+++ Data to examine
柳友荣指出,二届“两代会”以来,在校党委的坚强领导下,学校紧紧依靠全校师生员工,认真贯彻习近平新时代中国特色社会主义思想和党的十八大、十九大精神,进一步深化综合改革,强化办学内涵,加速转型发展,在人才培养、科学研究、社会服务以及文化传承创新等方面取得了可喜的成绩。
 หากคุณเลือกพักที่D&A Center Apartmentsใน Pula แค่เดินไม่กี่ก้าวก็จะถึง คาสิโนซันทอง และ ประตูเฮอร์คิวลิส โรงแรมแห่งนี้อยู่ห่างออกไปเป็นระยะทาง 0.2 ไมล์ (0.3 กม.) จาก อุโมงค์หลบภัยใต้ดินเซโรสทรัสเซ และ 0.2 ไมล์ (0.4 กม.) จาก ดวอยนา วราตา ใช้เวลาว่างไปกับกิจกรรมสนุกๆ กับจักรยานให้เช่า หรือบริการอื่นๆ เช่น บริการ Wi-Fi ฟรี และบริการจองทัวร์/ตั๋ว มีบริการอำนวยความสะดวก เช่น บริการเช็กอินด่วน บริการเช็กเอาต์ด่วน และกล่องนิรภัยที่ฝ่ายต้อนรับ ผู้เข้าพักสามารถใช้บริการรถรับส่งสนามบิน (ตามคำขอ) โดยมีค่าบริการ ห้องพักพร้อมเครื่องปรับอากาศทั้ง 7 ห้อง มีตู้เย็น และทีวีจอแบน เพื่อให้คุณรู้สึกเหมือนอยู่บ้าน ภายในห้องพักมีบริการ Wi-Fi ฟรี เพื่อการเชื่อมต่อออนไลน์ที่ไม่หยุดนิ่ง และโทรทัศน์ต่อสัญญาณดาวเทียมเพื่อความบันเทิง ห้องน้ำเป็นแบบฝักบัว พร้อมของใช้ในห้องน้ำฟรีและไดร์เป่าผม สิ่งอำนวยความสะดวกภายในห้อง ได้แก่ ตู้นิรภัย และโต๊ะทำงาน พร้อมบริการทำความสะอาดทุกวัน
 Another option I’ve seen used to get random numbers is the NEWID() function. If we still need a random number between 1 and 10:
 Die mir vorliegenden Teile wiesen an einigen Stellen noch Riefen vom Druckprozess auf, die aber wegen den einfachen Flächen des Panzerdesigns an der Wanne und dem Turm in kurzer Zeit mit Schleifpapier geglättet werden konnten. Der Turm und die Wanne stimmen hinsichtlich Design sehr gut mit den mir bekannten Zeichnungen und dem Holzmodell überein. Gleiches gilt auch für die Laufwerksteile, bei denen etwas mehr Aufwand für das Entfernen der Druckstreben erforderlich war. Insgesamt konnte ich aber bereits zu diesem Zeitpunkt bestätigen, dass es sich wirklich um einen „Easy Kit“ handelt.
++++++
+++ Data to examine
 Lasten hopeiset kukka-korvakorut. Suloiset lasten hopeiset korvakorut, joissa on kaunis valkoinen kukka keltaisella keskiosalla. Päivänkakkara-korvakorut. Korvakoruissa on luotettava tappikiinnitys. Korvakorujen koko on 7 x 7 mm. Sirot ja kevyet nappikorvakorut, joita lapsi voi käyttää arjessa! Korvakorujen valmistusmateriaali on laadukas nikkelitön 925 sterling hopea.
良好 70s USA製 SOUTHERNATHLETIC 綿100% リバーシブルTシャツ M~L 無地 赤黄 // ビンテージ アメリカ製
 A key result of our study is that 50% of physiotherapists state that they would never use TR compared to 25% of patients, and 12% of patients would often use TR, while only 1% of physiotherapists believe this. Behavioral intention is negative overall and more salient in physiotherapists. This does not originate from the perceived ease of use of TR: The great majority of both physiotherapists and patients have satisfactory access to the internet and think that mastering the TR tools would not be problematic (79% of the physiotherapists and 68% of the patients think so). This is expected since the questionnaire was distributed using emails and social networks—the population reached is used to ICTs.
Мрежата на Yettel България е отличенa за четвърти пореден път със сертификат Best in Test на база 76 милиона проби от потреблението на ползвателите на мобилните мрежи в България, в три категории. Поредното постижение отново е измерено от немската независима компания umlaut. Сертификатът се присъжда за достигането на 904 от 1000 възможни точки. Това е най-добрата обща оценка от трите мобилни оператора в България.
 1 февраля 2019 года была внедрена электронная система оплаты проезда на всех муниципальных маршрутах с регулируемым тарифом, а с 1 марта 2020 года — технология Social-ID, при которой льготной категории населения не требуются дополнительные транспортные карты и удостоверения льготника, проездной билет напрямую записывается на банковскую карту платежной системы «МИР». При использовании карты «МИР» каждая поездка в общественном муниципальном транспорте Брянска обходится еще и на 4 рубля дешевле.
++++++
+++ Data to examine
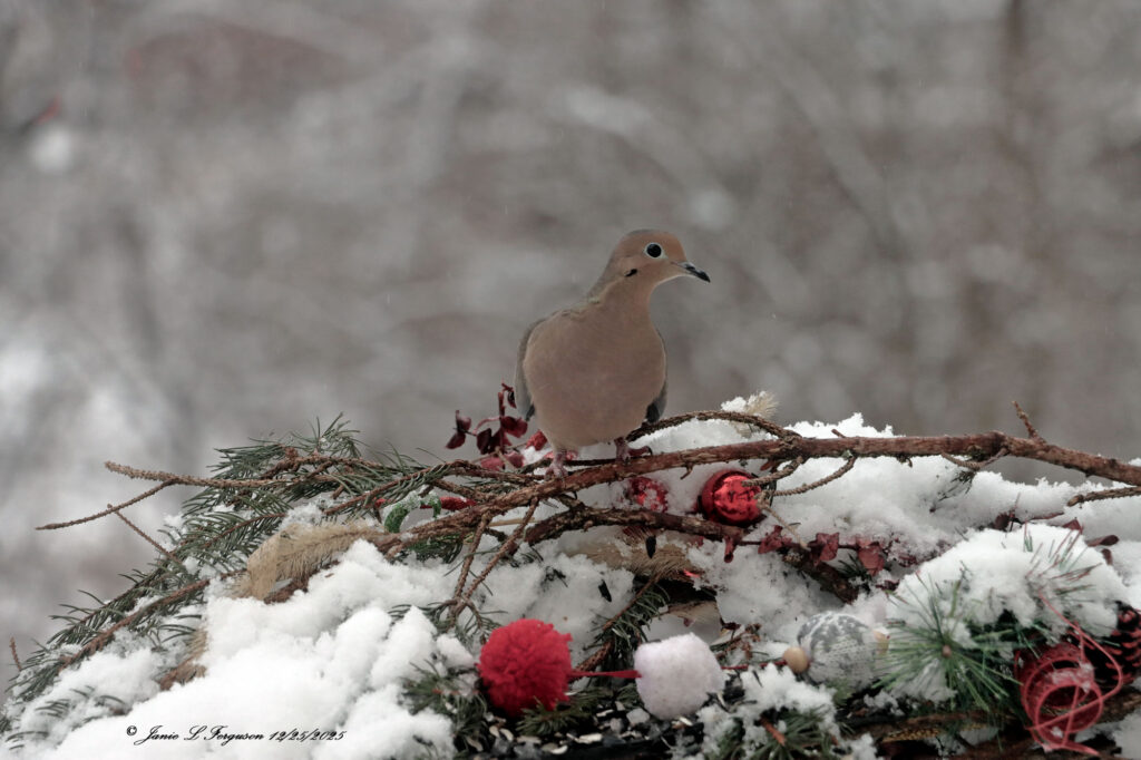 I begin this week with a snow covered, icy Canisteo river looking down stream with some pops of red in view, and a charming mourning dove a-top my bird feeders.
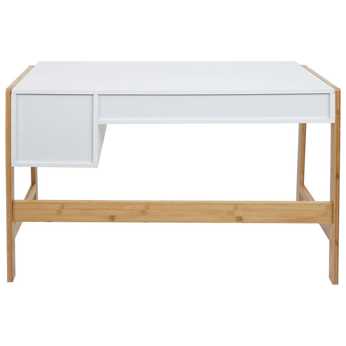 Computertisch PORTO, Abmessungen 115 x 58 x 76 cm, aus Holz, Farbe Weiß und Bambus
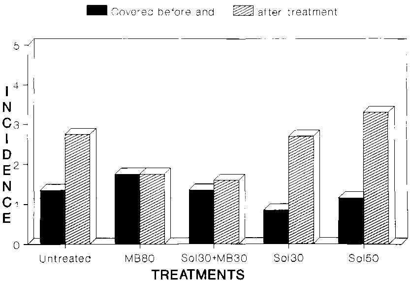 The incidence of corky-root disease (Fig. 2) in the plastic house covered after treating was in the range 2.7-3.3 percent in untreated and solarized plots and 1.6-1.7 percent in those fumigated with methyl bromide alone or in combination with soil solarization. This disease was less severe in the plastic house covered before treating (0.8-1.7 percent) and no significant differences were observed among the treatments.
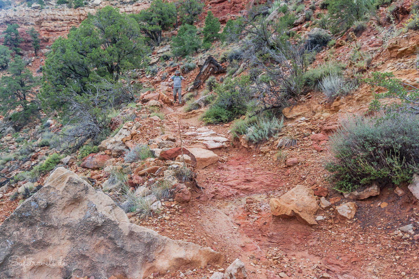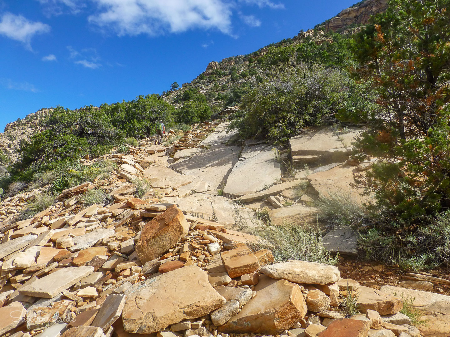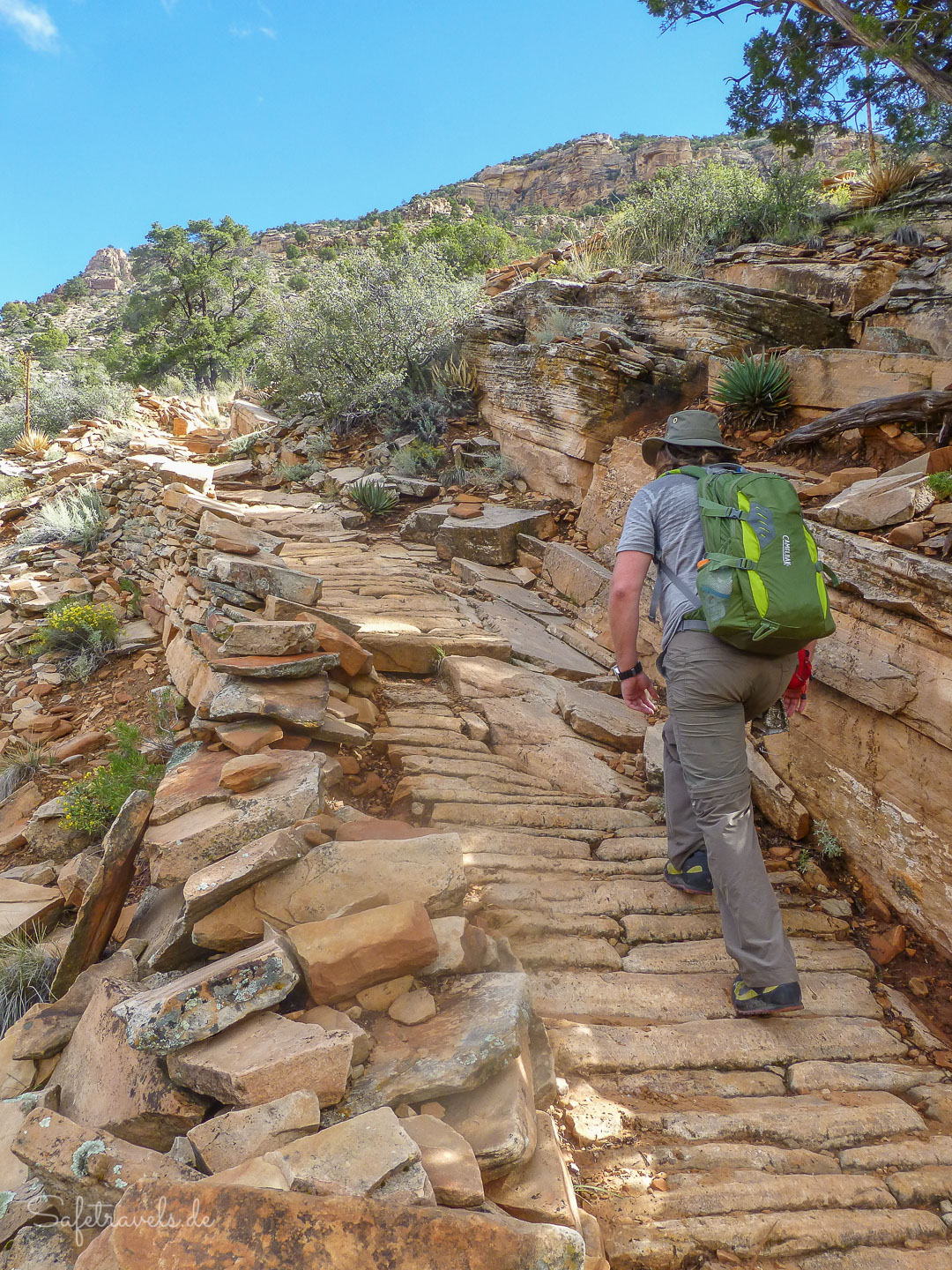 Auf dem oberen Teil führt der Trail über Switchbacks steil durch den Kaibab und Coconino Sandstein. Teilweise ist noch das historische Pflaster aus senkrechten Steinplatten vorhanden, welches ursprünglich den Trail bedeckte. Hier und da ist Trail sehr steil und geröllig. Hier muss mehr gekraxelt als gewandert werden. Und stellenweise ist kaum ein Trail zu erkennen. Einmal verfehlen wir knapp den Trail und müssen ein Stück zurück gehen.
++++++
## What you should do
Go through the records and show every line with the string "used" in it.

## Written solution
 Another option I’ve seen used to get random numbers is the NEWID() function. If we still need a random number between 1 and 10:
 A key result of our study is that 50% of physiotherapists state that they would never use TR compared to 25% of patients, and 12% of patients would often use TR, while only 1% of physiotherapists believe this. Behavioral intention is negative overall and more salient in physiotherapists. This does not originate from the perceived ease of use of TR: The great majority of both physiotherapists and patients have satisfactory access to the internet and think that mastering the TR tools would not be problematic (79% of the physiotherapists and 68% of the patients think so). This is expected since the questionnaire was distributed using emails and social networks—the population reached is used to ICTs.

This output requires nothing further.